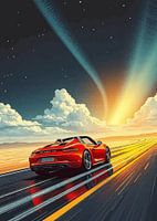 Over ‘Rode Porsche 718 Spyder - Snelheid op heldere weg, wolken, felle zon en sterrenhemel’ van MIROKKU
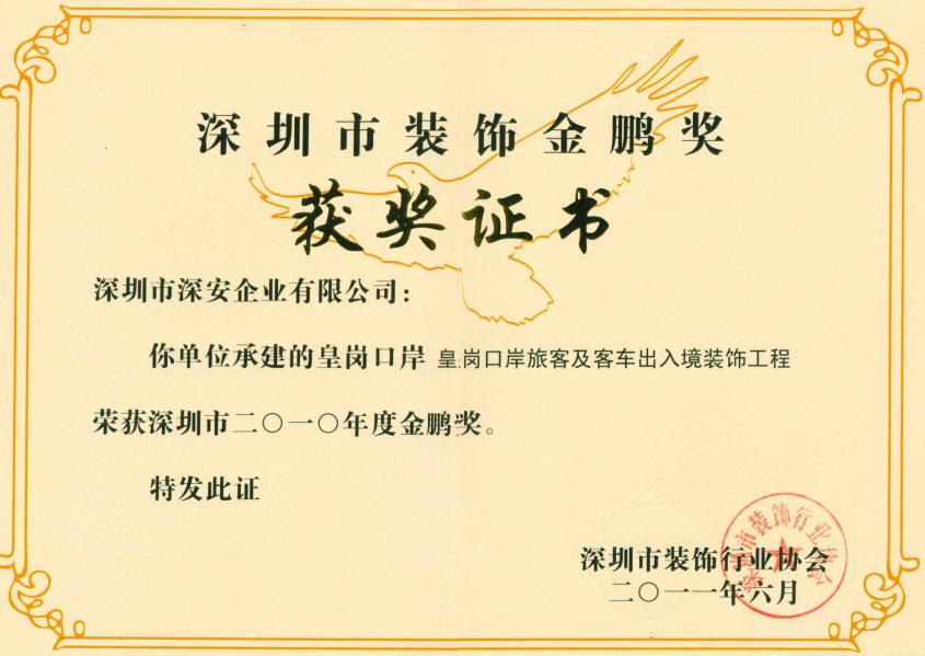 深安企業(yè)皇崗口岸車港城改造工程榮獲金鵬獎
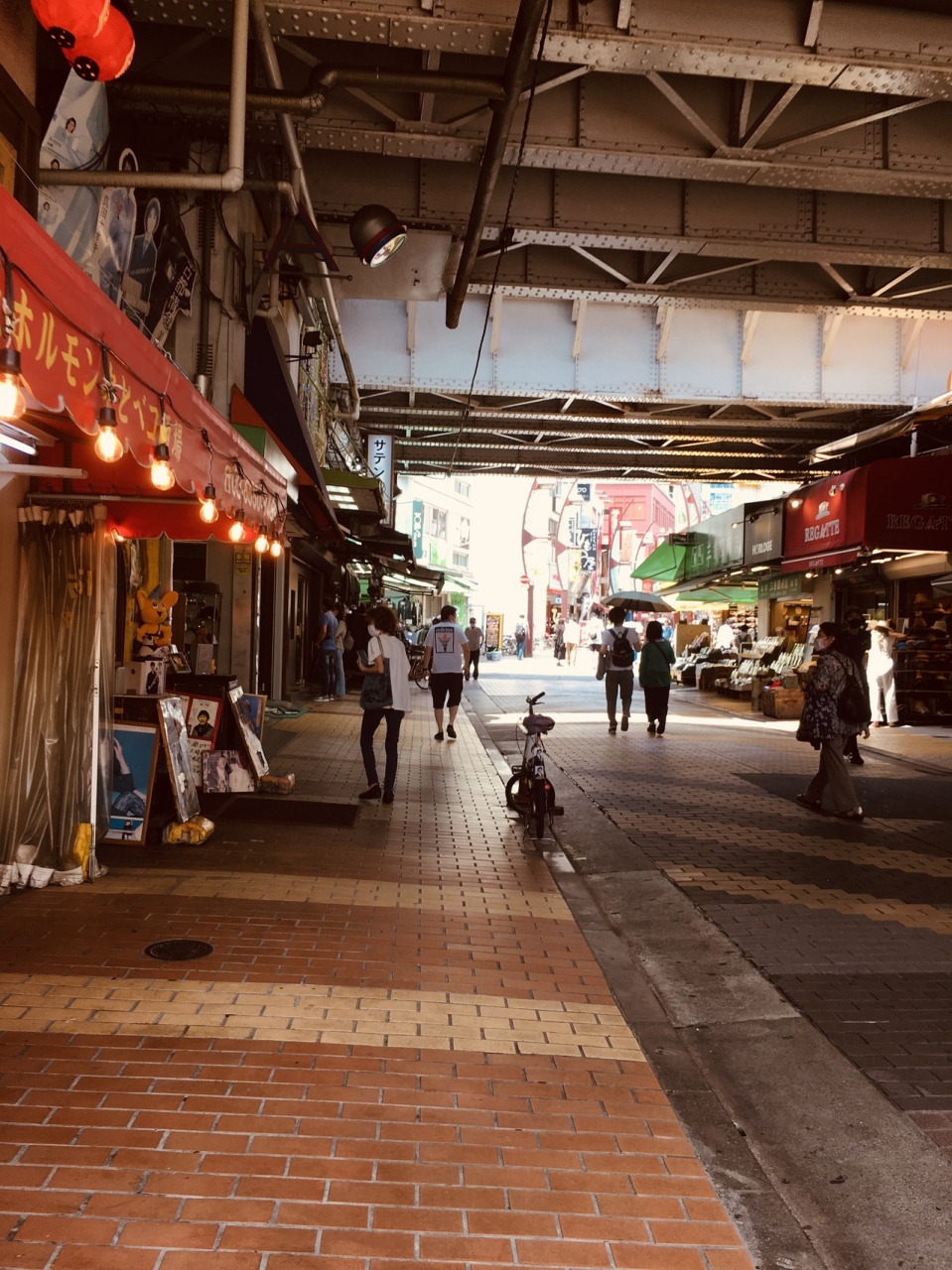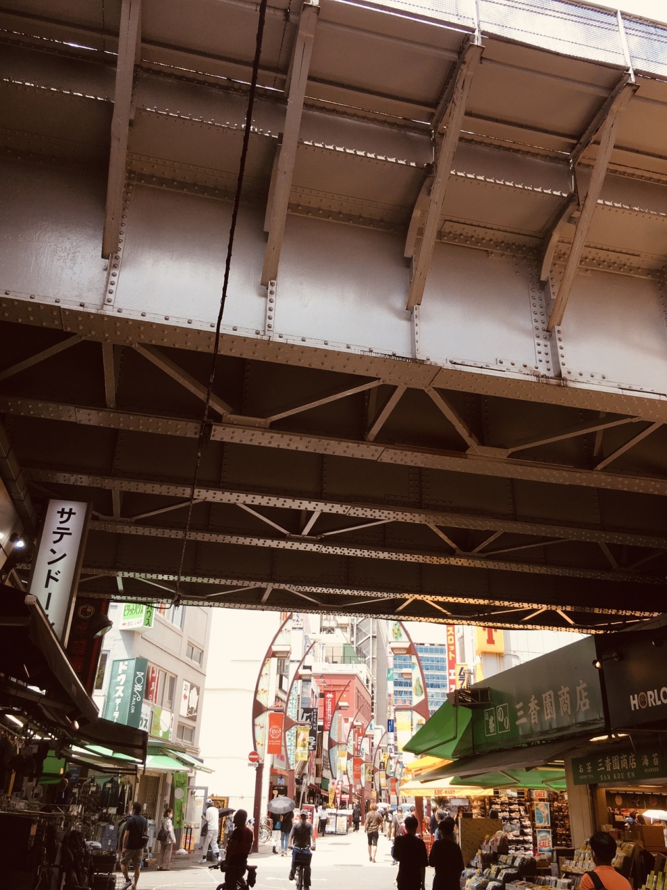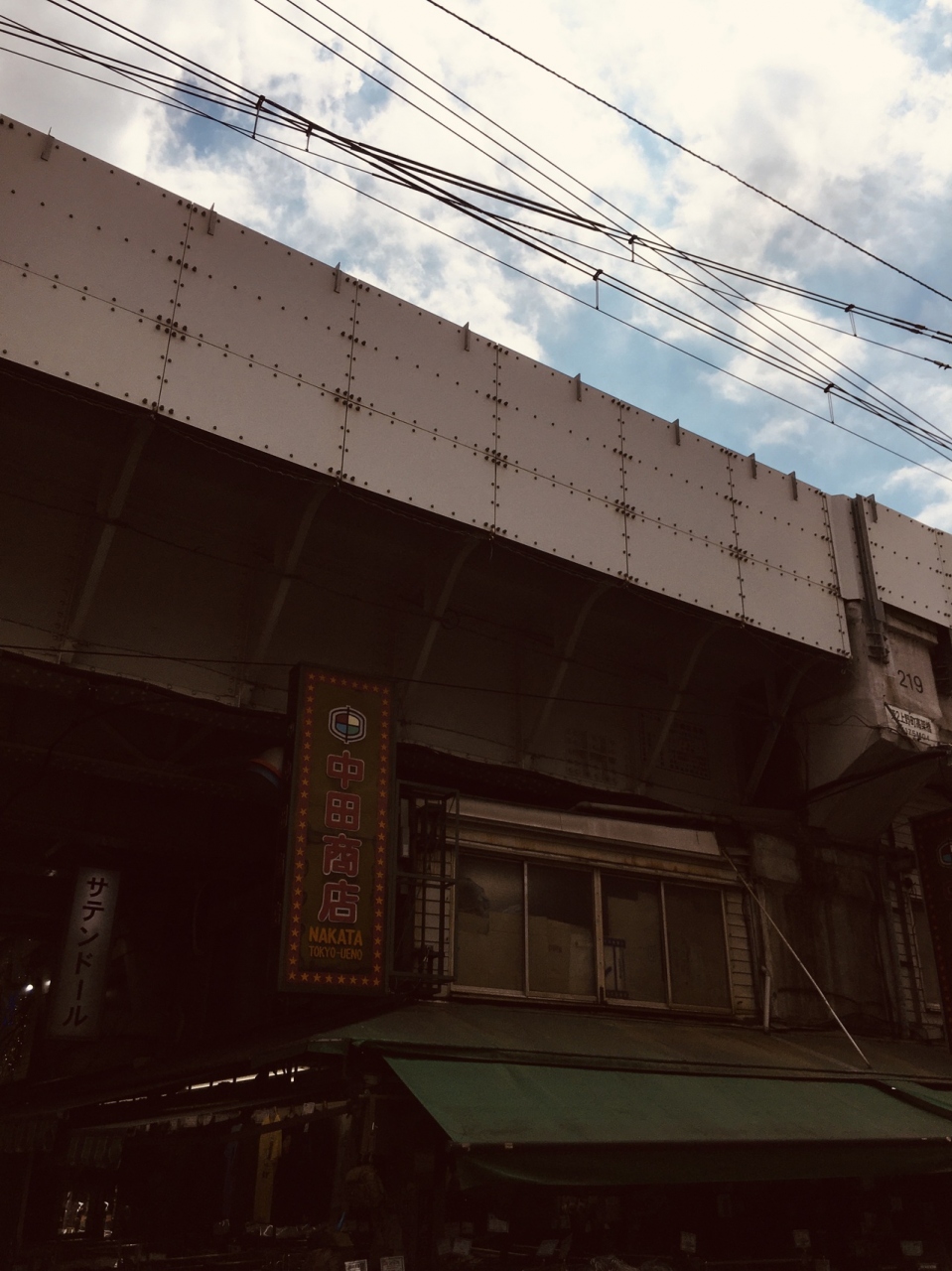 かなりの本数で電車が通る走っていますが、アメヤ横丁の中心部にあるため、人の雑踏と店がひしめき合っているので電車の音も全く気にならなかったです。鉄筋丸出しの橋で、橋の下に橋たくさんの店があり賑わっていました。
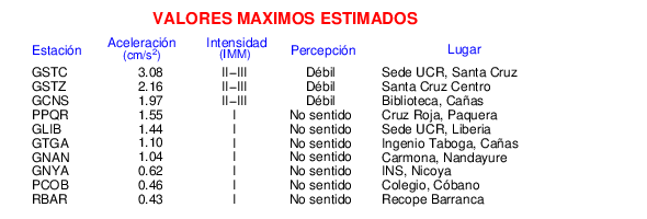 Intensidades en sitios de registro.Cada uno de los cuadrados en el mapa corresponde a la ubicación de un acelerógrafo al momento del sismo. Estos se muestran en distintos colores según la escala mostrada al pie de la figura.
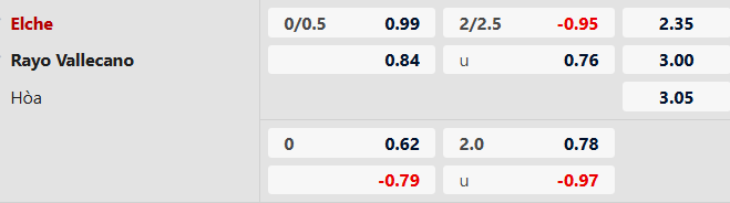 Thông tin tỷ lệ bóng đá Elche vs Rayo Vallecano:
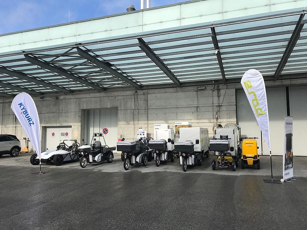 Heute, Montag, wurde auch gleich ein weiteres Testfahrzeug nach Basel geliefert – hier ist es ein KYBURZ DXP mit einem Fixboxanhänger (PAHF).

---+---

▶ _Exercise instructions_:
For the records above, give every line again exactly and skip the pictures.

▶ _Task result_:
 Over ‘Rode Porsche 718 Spyder - Snelheid op heldere weg, wolken, felle zon en sterrenhemel’ van MIROKKU
 深安企業(yè)皇崗口岸車港城改造工程榮獲金鵬獎
 かなりの本数で電車が通る走っていますが、アメヤ横丁の中心部にあるため、人の雑踏と店がひしめき合っているので電車の音も全く気にならなかったです。鉄筋丸出しの橋で、橋の下に橋たくさんの店があり賑わっていました。
 Intensidades en sitios de registro.Cada uno de los cuadrados en el mapa corresponde a la ubicación de un acelerógrafo al momento del sismo. Estos se muestran en distintos colores según la escala mostrada al pie de la figura.
 Thông tin tỷ lệ bóng đá Elche vs Rayo Vallecano:
 Heute, Montag, wurde auch gleich ein weiteres Testfahrzeug nach Basel geliefert – hier ist es ein KYBURZ DXP mit einem Fixboxanhänger (PAHF).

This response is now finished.